[Opening Records supplied section]

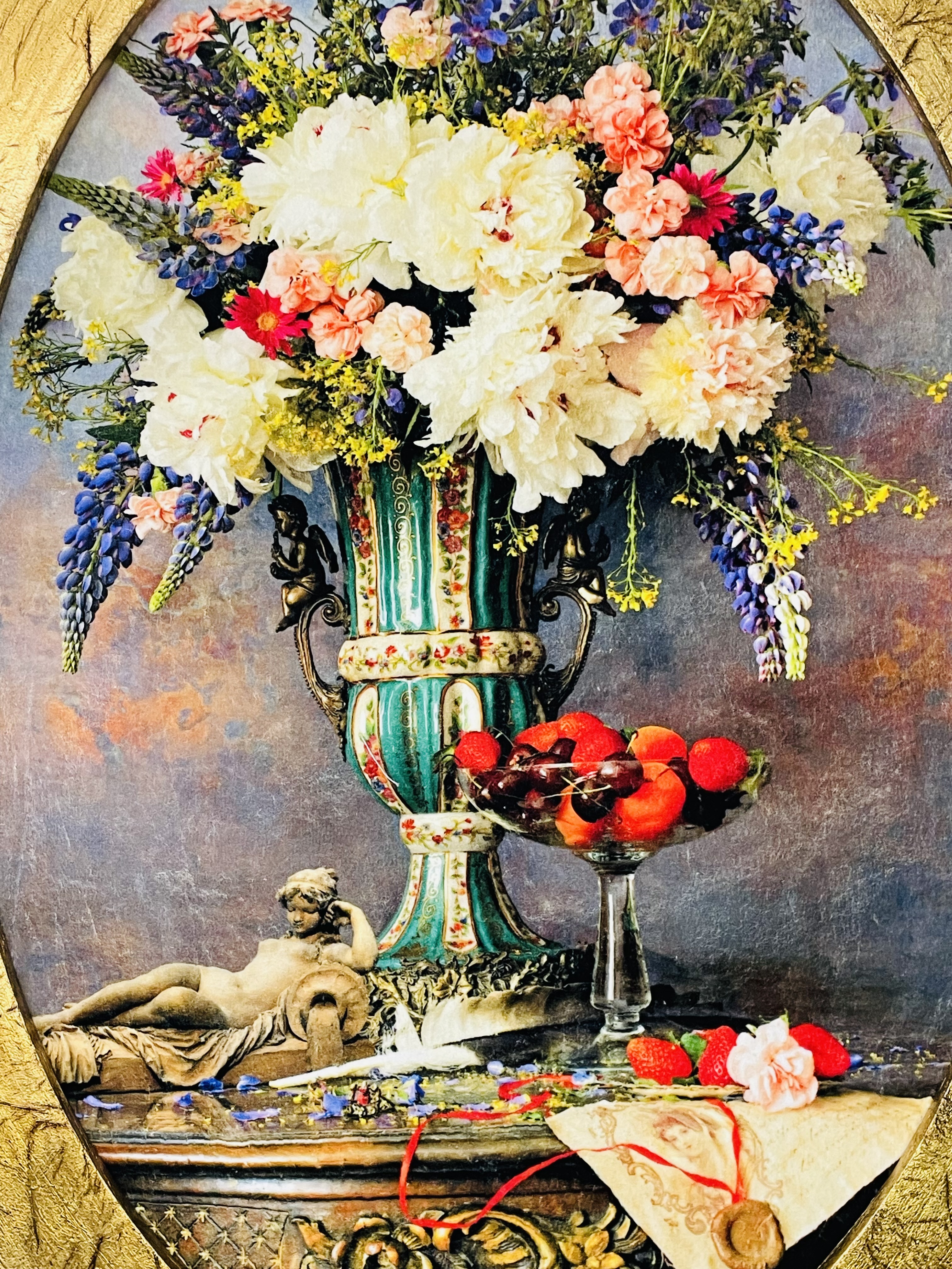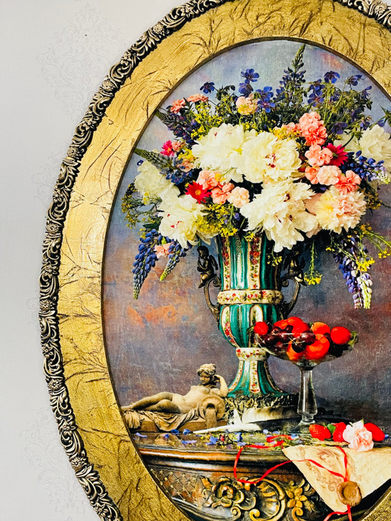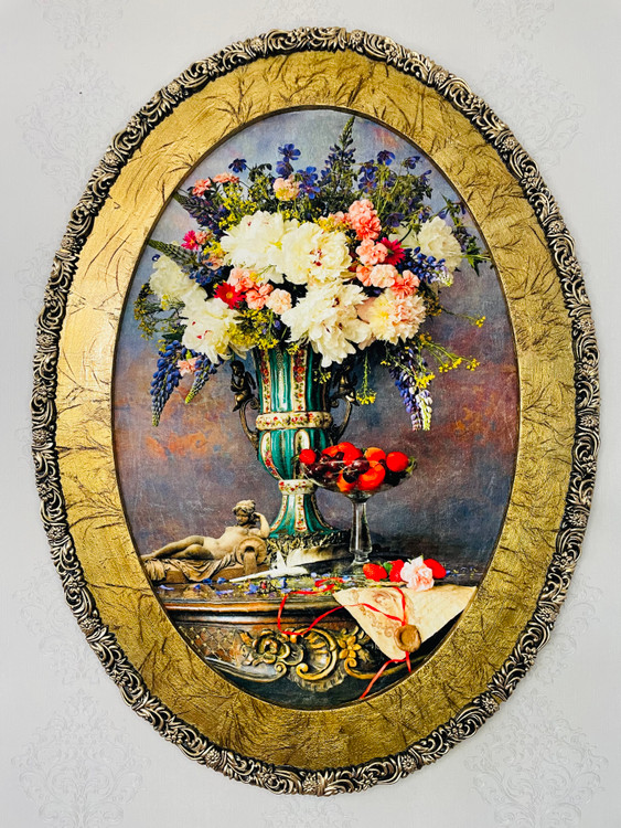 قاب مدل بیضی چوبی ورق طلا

[Closing Records supplied section]
[Opening Records supplied section]

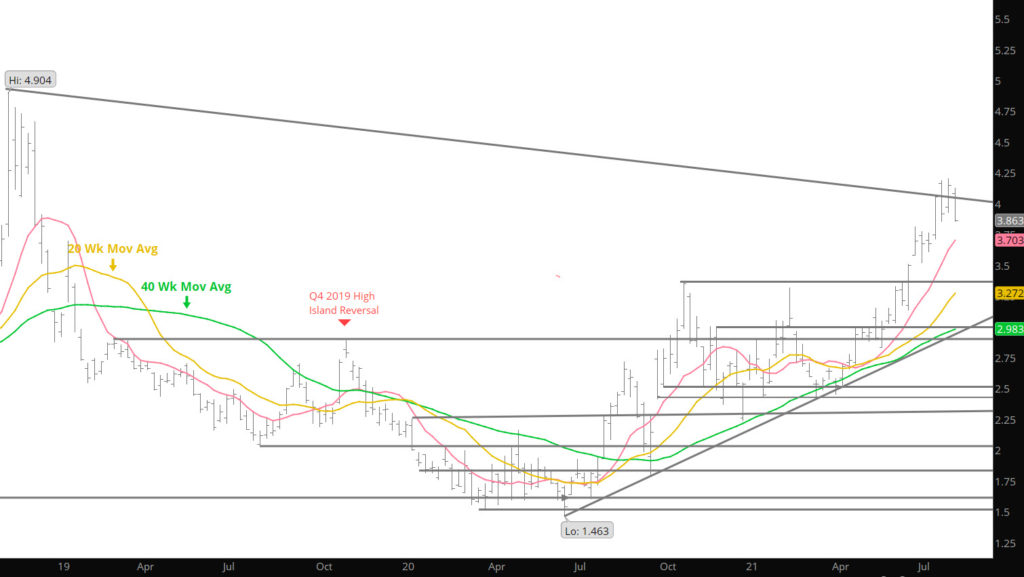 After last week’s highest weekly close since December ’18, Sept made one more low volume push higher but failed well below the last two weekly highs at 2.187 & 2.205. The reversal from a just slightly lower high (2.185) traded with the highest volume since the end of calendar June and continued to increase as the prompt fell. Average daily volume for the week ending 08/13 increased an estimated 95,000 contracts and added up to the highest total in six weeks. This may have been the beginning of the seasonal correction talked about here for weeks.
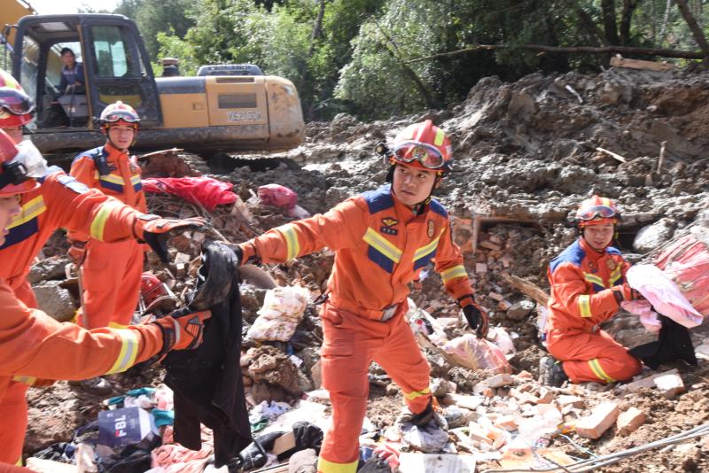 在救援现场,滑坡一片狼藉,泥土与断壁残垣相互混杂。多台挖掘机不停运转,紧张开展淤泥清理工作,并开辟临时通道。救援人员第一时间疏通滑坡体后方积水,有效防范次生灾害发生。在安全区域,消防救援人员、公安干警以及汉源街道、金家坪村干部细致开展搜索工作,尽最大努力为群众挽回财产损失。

[Closing Records supplied section]
[Opening Records supplied section]

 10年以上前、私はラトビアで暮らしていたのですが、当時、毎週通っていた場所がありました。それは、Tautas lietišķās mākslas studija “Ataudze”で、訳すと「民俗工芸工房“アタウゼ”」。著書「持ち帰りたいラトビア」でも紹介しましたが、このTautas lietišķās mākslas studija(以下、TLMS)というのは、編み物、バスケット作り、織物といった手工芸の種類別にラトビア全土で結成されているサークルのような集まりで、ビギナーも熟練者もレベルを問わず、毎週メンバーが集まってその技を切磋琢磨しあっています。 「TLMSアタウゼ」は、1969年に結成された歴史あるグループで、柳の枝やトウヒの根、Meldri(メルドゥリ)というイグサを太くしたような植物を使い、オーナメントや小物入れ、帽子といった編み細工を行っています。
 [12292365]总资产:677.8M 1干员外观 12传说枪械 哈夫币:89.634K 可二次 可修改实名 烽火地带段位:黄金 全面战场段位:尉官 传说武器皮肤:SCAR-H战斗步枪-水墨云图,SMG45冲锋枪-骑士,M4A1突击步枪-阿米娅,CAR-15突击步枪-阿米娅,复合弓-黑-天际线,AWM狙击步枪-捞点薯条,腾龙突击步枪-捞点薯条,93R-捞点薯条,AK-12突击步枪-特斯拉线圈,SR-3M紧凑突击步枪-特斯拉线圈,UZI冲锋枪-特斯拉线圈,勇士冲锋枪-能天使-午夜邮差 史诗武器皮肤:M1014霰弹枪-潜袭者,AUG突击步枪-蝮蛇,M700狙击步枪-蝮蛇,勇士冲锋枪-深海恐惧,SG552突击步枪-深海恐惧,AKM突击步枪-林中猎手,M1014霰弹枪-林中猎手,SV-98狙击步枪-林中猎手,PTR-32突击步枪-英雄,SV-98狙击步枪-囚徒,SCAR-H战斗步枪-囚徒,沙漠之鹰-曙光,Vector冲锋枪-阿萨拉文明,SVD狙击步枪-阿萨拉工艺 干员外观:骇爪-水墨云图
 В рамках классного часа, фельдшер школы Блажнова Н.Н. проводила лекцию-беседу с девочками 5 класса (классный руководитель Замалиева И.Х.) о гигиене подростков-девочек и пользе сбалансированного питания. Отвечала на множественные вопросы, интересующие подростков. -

[Closing Records supplied section]

Exercise brief
Scan the records above for the lines holding "[12292365]总资产:677.8M 1干员外观 12传说枪械" and "В рамках классного". Transcribe those two and every line between them word for word, and no others.

Output for this exercise
 [12292365]总资产:677.8M 1干员外观 12传说枪械 哈夫币:89.634K 可二次 可修改实名 烽火地带段位:黄金 全面战场段位:尉官 传说武器皮肤:SCAR-H战斗步枪-水墨云图,SMG45冲锋枪-骑士,M4A1突击步枪-阿米娅,CAR-15突击步枪-阿米娅,复合弓-黑-天际线,AWM狙击步枪-捞点薯条,腾龙突击步枪-捞点薯条,93R-捞点薯条,AK-12突击步枪-特斯拉线圈,SR-3M紧凑突击步枪-特斯拉线圈,UZI冲锋枪-特斯拉线圈,勇士冲锋枪-能天使-午夜邮差 史诗武器皮肤:M1014霰弹枪-潜袭者,AUG突击步枪-蝮蛇,M700狙击步枪-蝮蛇,勇士冲锋枪-深海恐惧,SG552突击步枪-深海恐惧,AKM突击步枪-林中猎手,M1014霰弹枪-林中猎手,SV-98狙击步枪-林中猎手,PTR-32突击步枪-英雄,SV-98狙击步枪-囚徒,SCAR-H战斗步枪-囚徒,沙漠之鹰-曙光,Vector冲锋枪-阿萨拉文明,SVD狙击步枪-阿萨拉工艺 干员外观:骇爪-水墨云图
 В рамках классного часа, фельдшер школы Блажнова Н.Н. проводила лекцию-беседу с девочками 5 класса (классный руководитель Замалиева И.Х.) о гигиене подростков-девочек и пользе сбалансированного питания. Отвечала на множественные вопросы, интересующие подростков. -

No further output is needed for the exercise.